Australia came out of the US’s April tariff tirade relatively well, facing the lowest baseline rate of 10%.

Observers all over the world noted that this 10% rate would even apply to a remote external Australian territory, Heard Island and McDonald Island, even though it is home only to penguins and two active volcanoes.

When news about the territory broke, Australia’s trade minister, Don Farrell, said in a television interview: “Poor old penguins. I don’t know what they did to Mr Trump.”

The penguins’ paradise still came off better than another external Australian territory, Norfolk Island. This South Pacific island, which is around 1,500 kilometres east of Brisbane, faces tariff rates, not of 10%, but of 29% for exports to the US. And, as with many other difficulties around the world, leather is to blame, at least in part.

Norfolk Island has a population of just over 2,000 people. It has some exports, notably of seeds for tropical plants, but local people have said they have no knowledge of anyone exporting these seeds or any other product to the US.

In the US, though, official documents do record imports from Norfolk Island, including a consignment of leather for footwear production. The Wall Street Journal has suggested the most likely explanation is that the origin of these goods was labelled incorrectly on their arrival at US ports.

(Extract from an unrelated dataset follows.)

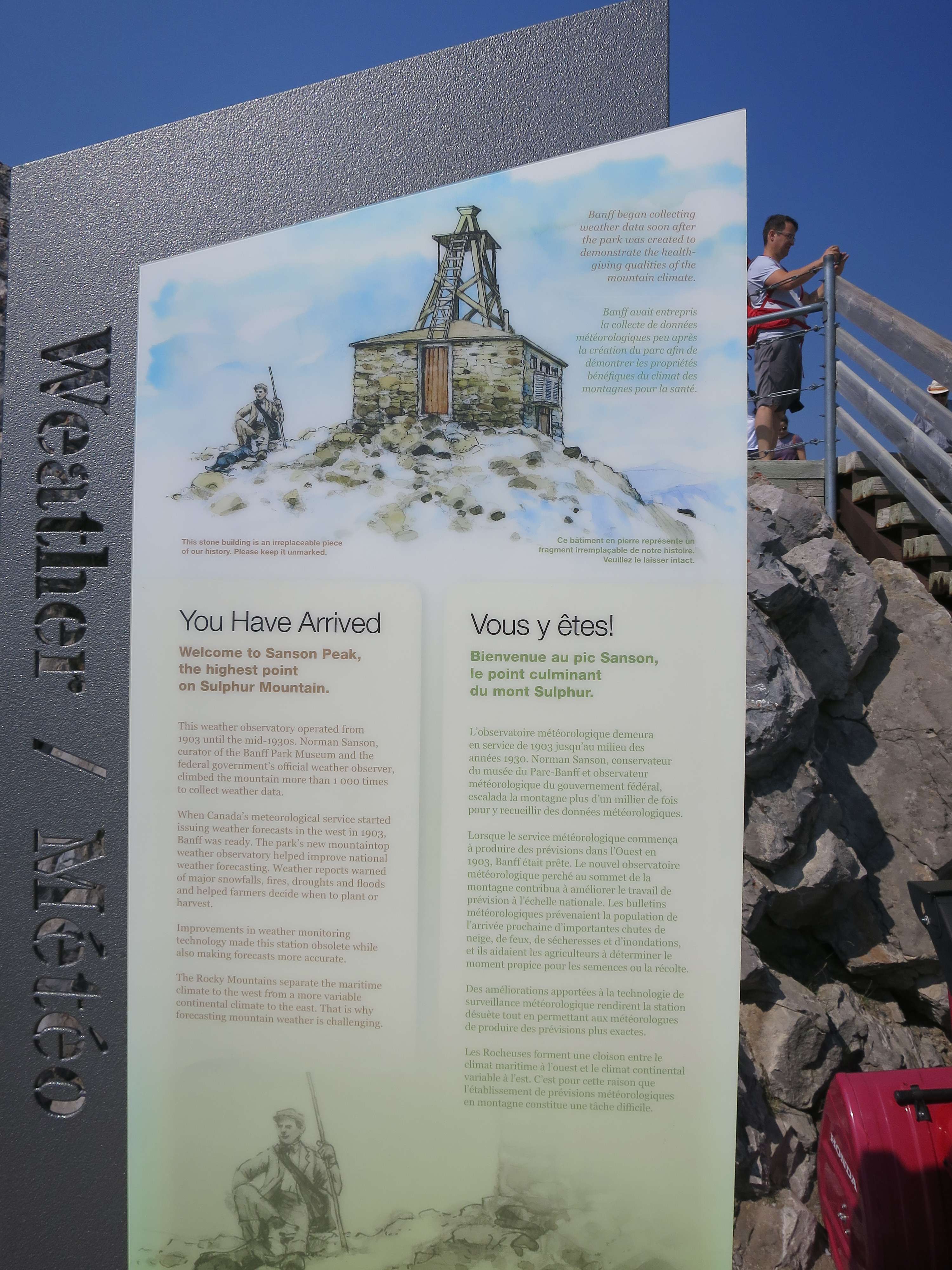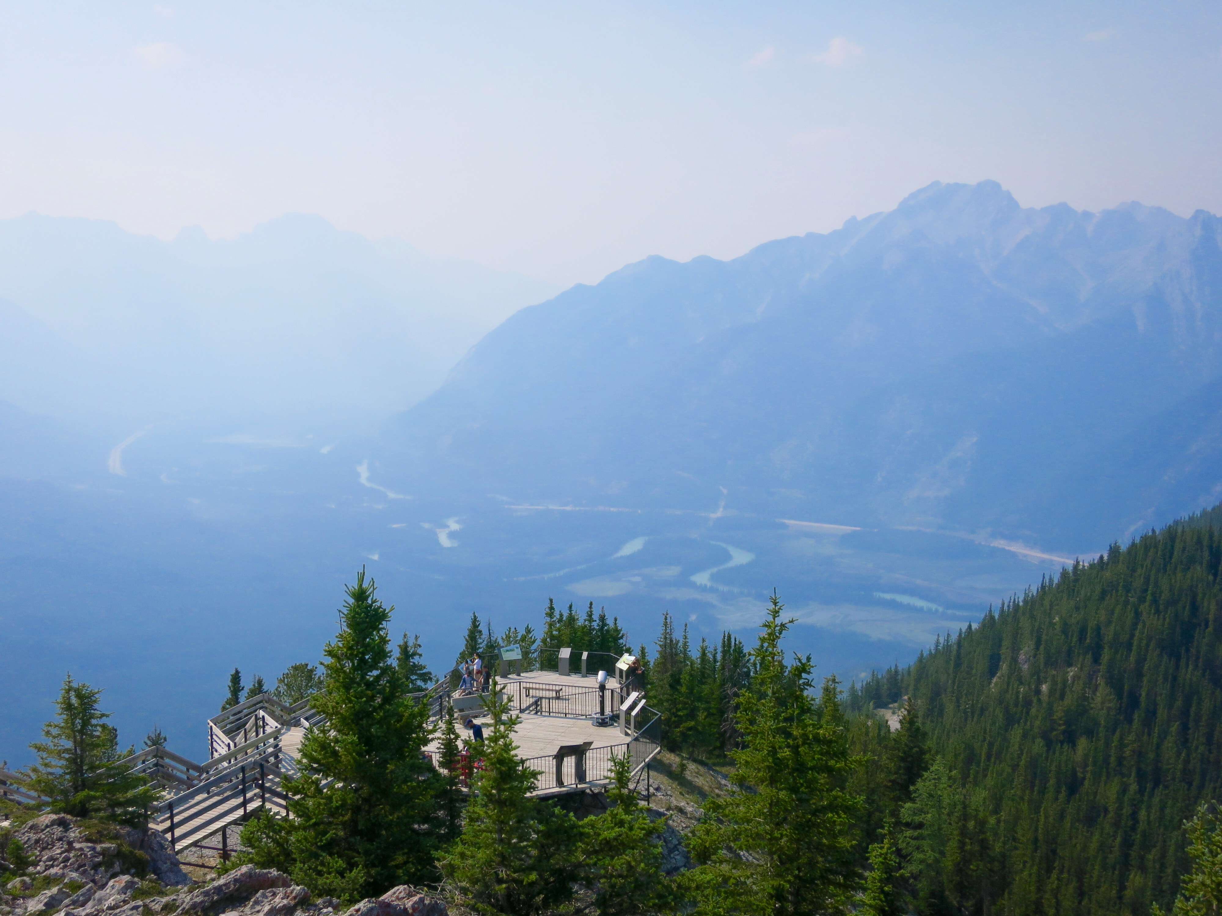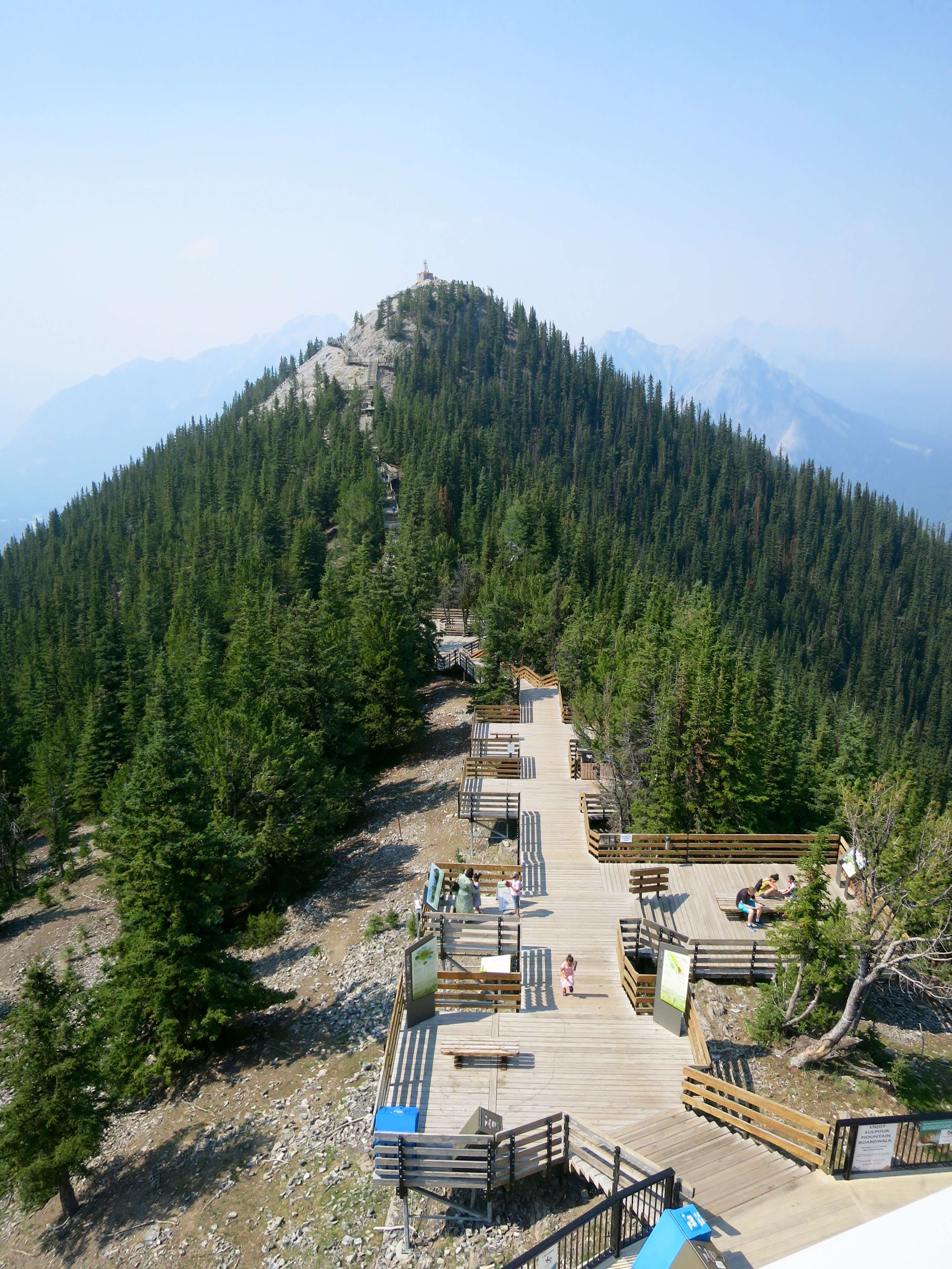 Tout en haut, des passerelles permettent d’observer différents points de vue sur une longueur totale d’1 km et de voir l’ancienne station d’étude des rayons cosmiques. Superbe panorama sur Banff.

As far as we can tell, Norfolk Island does not produce any leather, but it does have a cattle herd and its cows often attract attention because they roam free and dominate the landscape. But the health of its cattle population has been under threat since a ban on imports of live animals from Australia came into force in 2016.

Cattle farming is the oldest industry on the island, but years of inbreeding and a lack of genetic diversity led to declines in carcass weights and meat quality. Last year, though, and embryo transfer and artificial insemination programme began and local farmers are now confident of improvement.

There are no official plans to begin exporting beef from the island to the US.

Australian meat industry responds to US tariff speculation Australia’s red meat industry has urged calm amid speculation about potential US tariffs, stating the sector is well-positioned to adapt.

Industry leaders acknowledge tariffs would be a concern but emphasise that Australian meat remains in high demand globally.

Red Meat Advisory Council Chair, John McKillop, said industry is engaged with government partners to ensure a coordinated response.

“We ask all stakeholders to remain calm and wait for official announcements,” McKillop said.

Australian Meat Industry Council CEO, Tim Ryan, noted that Australian meat, particularly lean trim, is vital to US burger production and any tariffs would impact American consumers.

Cattle Australia Chair, Garry Edwards, highlighted that Australian beef complements US supply, particularly high-quality grassfed steaks.

Sheep Producers Australia CEO, Bonnie Skinner, reinforced that Australian lamb remains a staple in international markets, including the US.

Industry leaders stress that Australian exporters have a track record of managing trade disruptions and will respond as necessary.